I think a lower end camera would probably be your best bet. You can get a model that's a few years old or even used (if it was well-taken care of) for well under $1,000. You might want to look into an old Canon EOS Digital Rebel or a Nikon D40 or something of that nature. Not sure what kind of photography you like or experience level, so the more you tell, the better the advice 

You'll need something that enables you to manually set your aperture, shutter speed, white balance, ISO, etc so you can get used to the camera's controls and how they interact with one another.

Also brushing up on the basics like exposure, depth of field, composition, etc would really help you out.

A nice entry level DSLR would be a great investment if you are looking into photography as a hobby or a career, it's fun either way. If you can give me a little more insight as to what you are looking for, then I can give you further advice, as well as the other members of the forum.
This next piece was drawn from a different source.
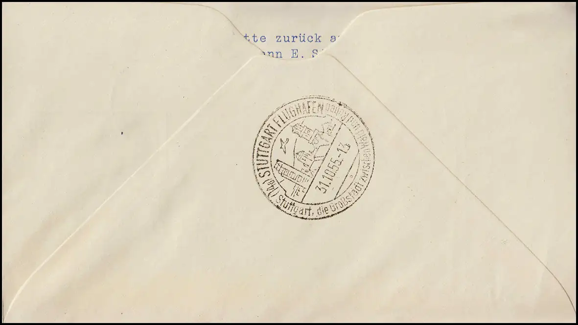 Wiederaufnahme des Flugverkehrs nach Stuttgart 31. Oktober 1955, roter Stempel "Befördert mit Lufthansa nach Stuttgart"
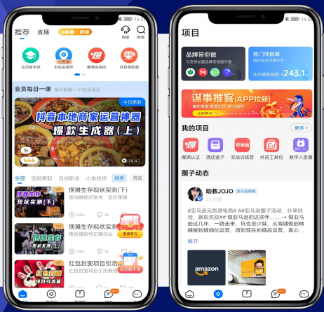 谋事APP为创业者建立了热门项目库,与阿里、腾讯、抖音、快手、百度、美团 等头部品牌方建立长期、深度合作。在需求端,为普通人对接最底门槛、最轻资产的优质创业项目,并由专业团队陪跑指导,帮助用户做好项目。

Welcome to the world of Digital SLR Photography.


----------



## dochall22 (Jan 19, 2009)

Well, I'd still classify myself as a novice, even though I did sale cameras at one point I didn't mess with SLRs hardly at all, I know some of the terminology but not enough to really know whats going on.  I under stand the concepts, as in - the longer the shutter is open the more light that comes in and such, but I need to learn more about the filters and WB and the other aspects, so -  Is there any good books you'd recomend?


The rebel and d40 were just coming out when I was in the retail camera business, but I didnt mess with them.  Is there any huge factors that set one above the other?


----------



## fightin14 (Jan 19, 2009)

"digital photography" by scott kelby


----------



## AlexColeman (Jan 19, 2009)

Understanding exposure, and the new photography manual.


----------



## bdavis (Jan 19, 2009)

fightin14 said:


> "digital photography" by scott kelby



I second that, vols 1 and 2 are good for beginners.

I also recommend

[ame=http://www.amazon.com/Photographers-Eye-Composition-Design-Digital/dp/0240809343/ref=cm_cr_pr_product_top]Amazon.com: The Photographer's Eye: Composition and Design for Better Digital Photos: Michael Freeman: Books[/ame]

I just ordered it and heard it's a great book for Composition.


----------



## bdavis (Jan 19, 2009)

dochall22 said:


> Well, I'd still classify myself as a novice, even though I did sale cameras at one point I didn't mess with SLRs hardly at all, I know some of the terminology but not enough to really know whats going on.  I under stand the concepts, as in - the longer the shutter is open the more light that comes in and such, but I need to learn more about the filters and WB and the other aspects, so -  Is there any good books you'd recomend?
> 
> 
> The rebel and d40 were just coming out when I was in the retail camera business, but I didnt mess with them.  Is there any huge factors that set one above the other?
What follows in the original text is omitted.